McGraw hit with countersuit by computer seller

By Chris Dickerson | Jun 27, 2007


CHARLESTON, W.Va. - A company that recently was sued by state Attorney General Darrell McGraw has fired back.

BlueHippo filed a countersuit June 25 against McGraw and state Revenue Secretary James Robert Alsop in federal court.

In an 18-count suit originally filed in March in Kanawha Circuit Court, McGraw seeks an injunction, stopping BlueHippo from doing business in West Virginia. McGraw also seeks a $200,000 bond from the company and $5,000 for each violation of the West Virginia Telemarketing Act. It later was removed to federal court.

In the suit, McGraw's office said consumers claim to have paid for computer equipment they never received, or did receive but that did not work. Also, some consumers paid prices much higher than they would have paid at a store. A news release from McGraw states one consumer paid about $1,800 for a computer similar to one she bought at a national retail store for $400.

The suit also alleged that BlueHippo used deceptive business practices to get West Virginia consumers to agree to binding financing plans.

In April, BlueHippo filed a 73-page answer to McGraw's allegations that it has violated the West Virginia Credit and Consumer Protection Act during its sale of computers. The company denied most of McGraw's allegations, though admitted it had not registered with the state's Department of Tax and Revenue and did not pay the department's surety bond.

In the countersuit filed June 25, BlueHippo says its national advertising - on television, on the Internet and in print - is "protected commercial speech" under the First Amendment.

It also stresses that BlueHippo does not make the first move with consumers.

"BlueHippo did not and does not initiate calls to consumers - including West Virginia consumers, the complaint says. "Rather, all West Virginia consumers with whom BlueHippo has attempted to enter or has entered into a transaction initiated the telephone contact to BlueHippo."

BlueHippo "offers to sell computers and other consumer electronics nationwide through advertisements on television and the Internet and in print," the countersuit states.

The countersuit maintains that certain provisions of state code regarding telemarketing are unlawful prior restraints and unjustifiably discriminatory. It also says these provisions "unduly burden interstate commerce in violation of the Commerce Clause of the United States Constitution"

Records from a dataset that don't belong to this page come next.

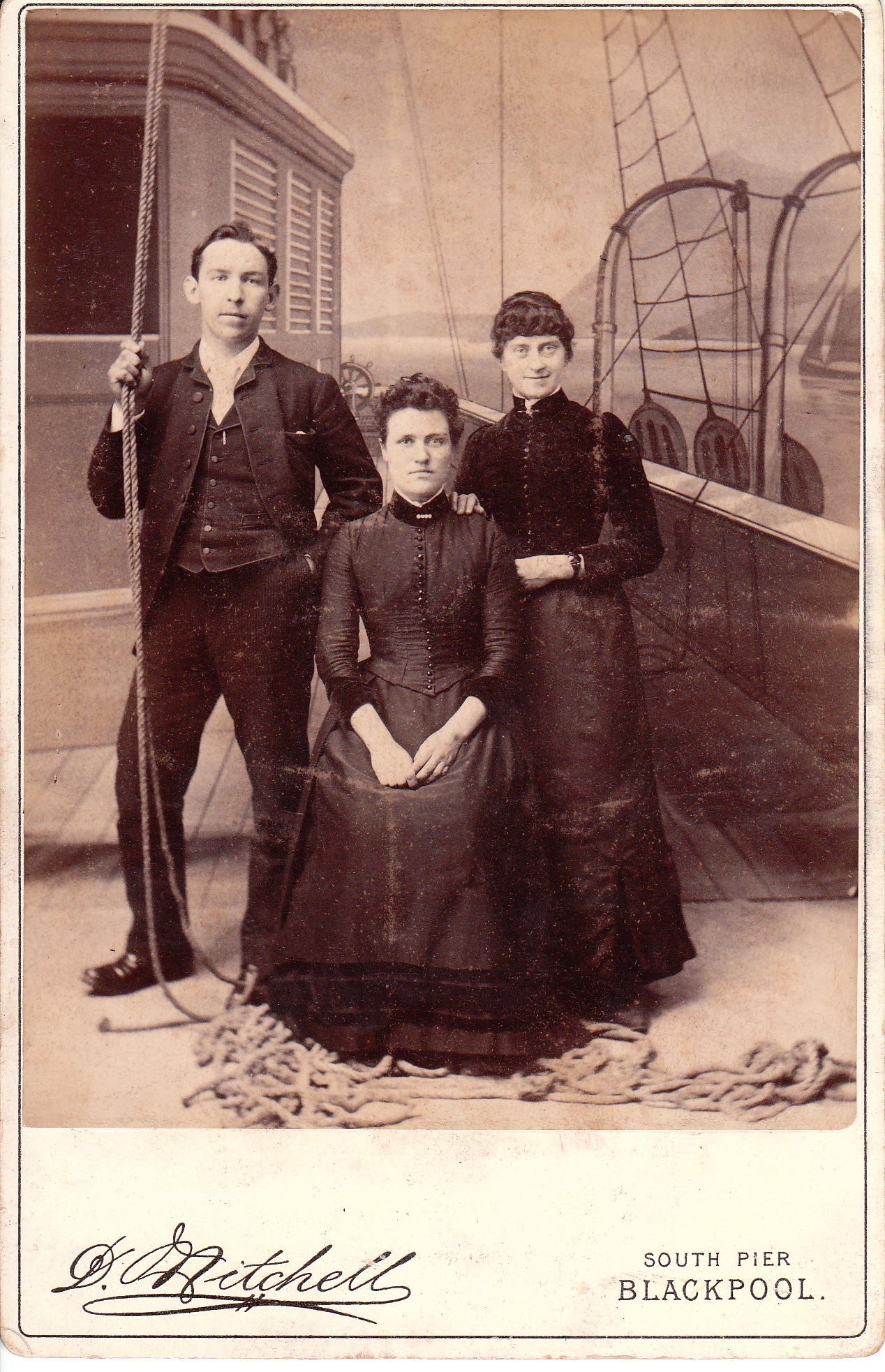 This cabinet card of a man and two women posing aboard a ship, was photographed by D. Mitchell of Blackpool, Great Britain. The photographer, whose studio was located near a pier in the seaside city of Blackpool, utilized a relevant nautical theme. The backdrop is fantastic and the hanging rope held by the gentleman, and the ropes in front of the ladies, are a “great touch”. This is one of the finest uses of background scenery and props that can be found in the entire cabinet card gallery. The South Pier was originally named the Victoria Pier. The pier opened in 1893 and served vacation travelers to Blackpool. The subjects of this cabinet card image are likely tourists on holiday.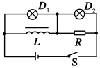 如图所示的电路中,D1和D2是两个相同的小灯泡,L是一个自感系数相当大的线圈,其阻值与R相同.在开关S接通和断开时,灯泡D1和D2亮暗的顺序是 ( ) ![]()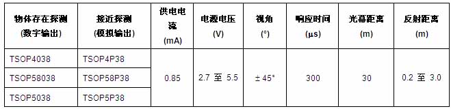 具有数字和模拟输出的TSOP4038、TSOP58038和TSOP5038红外传感器采用固定增益,从而解决了这些问题。通过固定增益,探测阈值和最终的探测距离都是固定的。一旦发射器亮度、接收器前的孔径、发射器和探测器的排列等光学参数确定下来,传感器在所有光照条件下都将具有稳定、可重复的性能。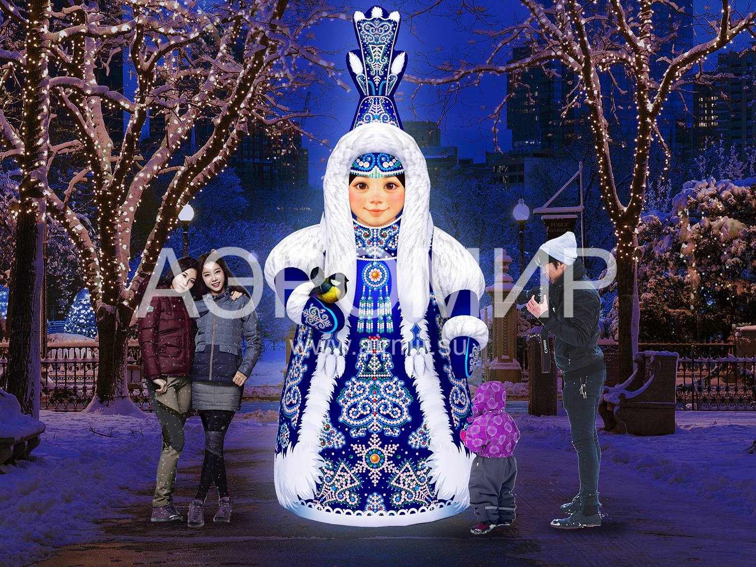 Надувная якутская Снегурочка Хаарчаана — яркое зимнее украшение с этническим колоритом. Изготовлена из прочного материала Oxford с качественной печатью и встроенной подсветкой, устойчива к морозу и влаге. Идеально подходит для оформления новогодних площадок и фотозон.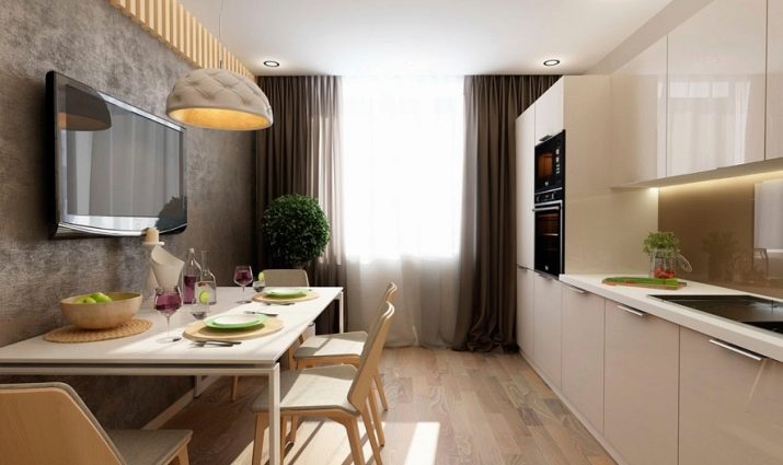 Direct kitchen is a good solution for a studio apartment. Often, linear headsets are installed when the kitchen is combined with the living room.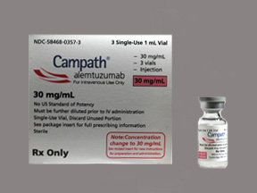 Información: El alemtuzumab (CAMPATH-1H) es un anticuerpo monoclonal humanizado frente al antígeno CD52. El antígeno CD52 se expresa sobre la superficie de los linfocitos B, los linfocitos T, los monocitos y las plaquetas pero no en las células hematopoyéticas madre. El alemtuzumab ha sido desarrollado para el tratamiento de enfermedades malignas linfoides, incluyendo el linfoma no de Hodgkin, el linfoma linfocítico crónico, la leucemia prolinfocítica y el linfoma de células T (micosis fungoide).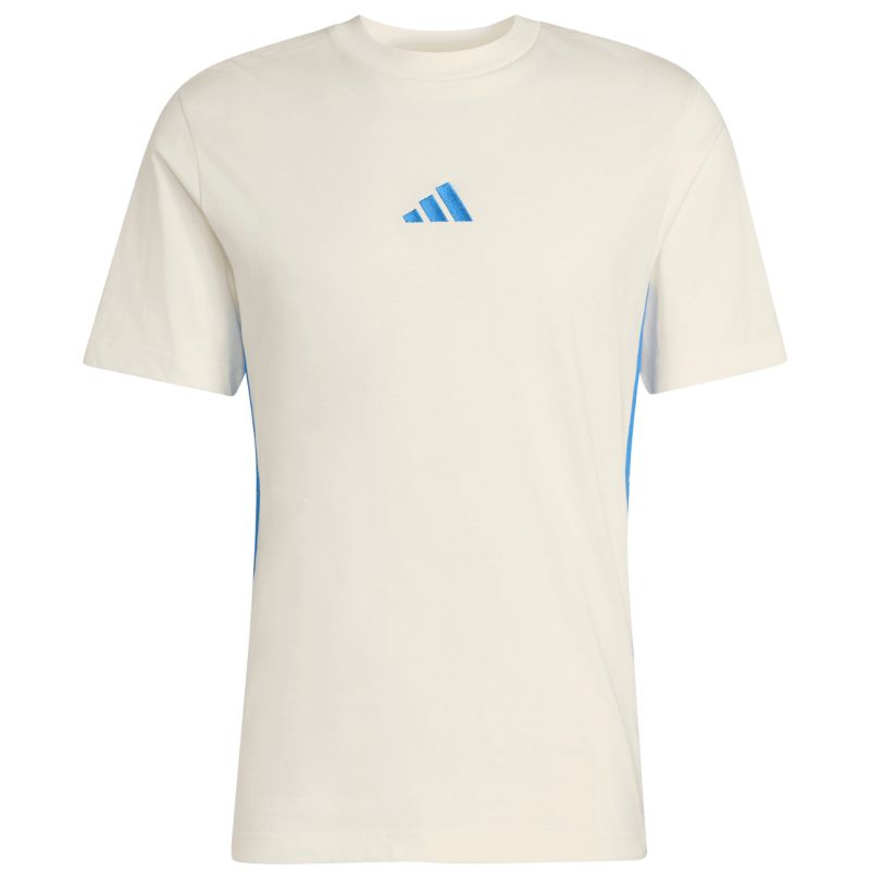 Men's adidas Essentials 3 Stripes T-Shirt, Cream KC0888. This adidas men's T-shirt is perfect for everyday wear. Regular fit. Stripes on the sides. Small brand logo on the front. Soft-touch fabric. Material: 100% cotton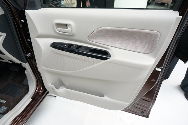 通常モデルの内装は白。明るく、とくにファミリーで乗るには良いかもしれません。ダッシュ前面のパネルがドアに向かって湾曲しており、メルセデスSクラスとか最新のデザイン傾向に沿っている感じですが、上品な印象で、「eK ワゴン」もかなり品がありましたが、さらに、という感じです。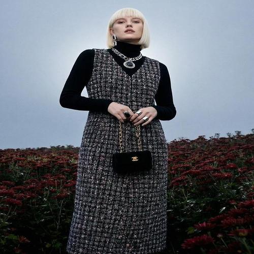[휴드]리엘스 브이넥 트위드 조끼 원피스
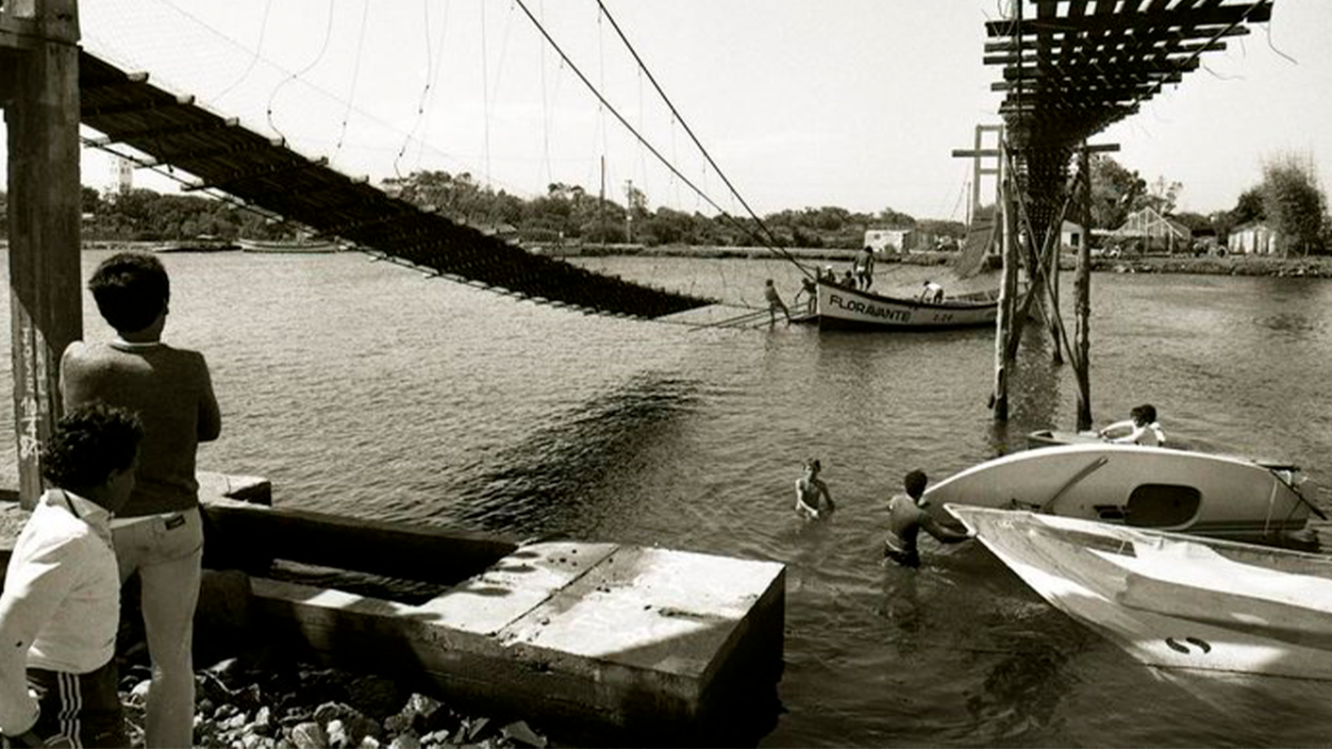 A ponte pênsil sobre o Rio Mampituba, entre Torres, no litoral norte do Rio Grande do Sul, e Passo de Torres, em Santa Catarina, virou na madrugada desta segunda-feira (20). O fato trouxe à memória a queda da ponte em 1984, quando a estrutura desabou no momento do encontro das duas comitivas das cidades interligadas.
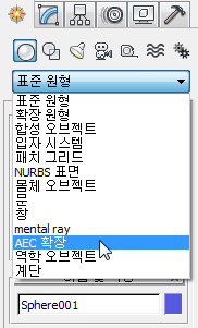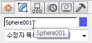 - 수정 패널의 오브젝트 이름 필드에서 Sphere001이라는 이름을 두 번 클릭하여 강조 표시합니다.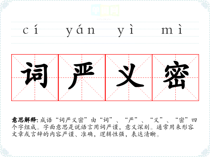 成语“词严义密”由“词”、“严”、“义”、“密”四个字组成。字面意思是说语言用词严谨,意义深刻。通常用来形容文章或言辞的内容严谨、准确,逻辑性强,表达清晰。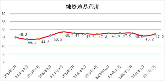 2月份,经营环境指数为54.5%,环比回落0.5个百分点,该指数近一年浮动不大,市场经营环境情况持续向好。具体来看,税费负担指数为52.3%,环比下降1.5个百分点,有所回落,连续3个月回落,税费政策还需深化,但继续位于荣枯线之上,企业目前税负情况持续改善;融资难易指数为47.2%,环比上涨1.0个百分点,企业融资环境长期以来并没有得到改善,说明当前企业融资仍需政府出台、调整相关政策以改善;市场秩序指数58.5%,环比回落1.9个百分点,持续高于荣枯线且处高位,市场秩序持续改善。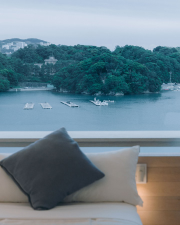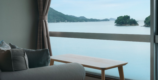 大きな窓から広がる鳥羽湾の眺望を、ゆったりとしたソファでお楽しみください。

"The Attorney General has asserted that BlueHippo is subject to the telemarketing provisions in W.Va. Code ... and has specifically asserted that BlueHippo is required to comply with the registration and bonding requirements contained in W.Va. Code ... before doing business in West Virginia," the countersuit states. "The Attorney General has attempted to enforce those provisions against BlueHippo, and has sought, inter alia, to bar BlueHippo from engaging in the sale of consumer goods in West Virginia, to bar BlueHippo from seeking access to state or federal courts to enforce the obligations of West Virginia consumers, to void all transactions between BlueHippo and West Virginia consumers, to require BlueHippo to refund all monies paid by West Virginia consumers and to impose civil penalties against BlueHippo."

In the countersuit, BlueHippo asks for an injunction stopping the actions of McGraw's and for declaratory judgment in its favor. It also seeks attorney fees and other relief.

In BlueHippo's April response to McGraw's suit, Kara Cunningham of Steptoe Johnson in Charleston wrote that the AG's complaint raised questions of federal law.

The notice of removal mentioned a request of nondischargeability from McGraw that would prevent any debt owed by the company to be eliminated through bankruptcy proceedings.

"The dischargeability (or nondischargeability) of a debt under this statute is a federal question, and the Attorney General's request for a finding of nondischargeability thus provides an additional ground for removal," she wrote in the notice of removal to federal court. "Because the Attorney General apparently has requested a finding of nondischargeability, the jurisdictional requirements ... are satisfied and removal is proper."

Calls to McGraw's office for comment about BlueHippo's countersuit were not returned.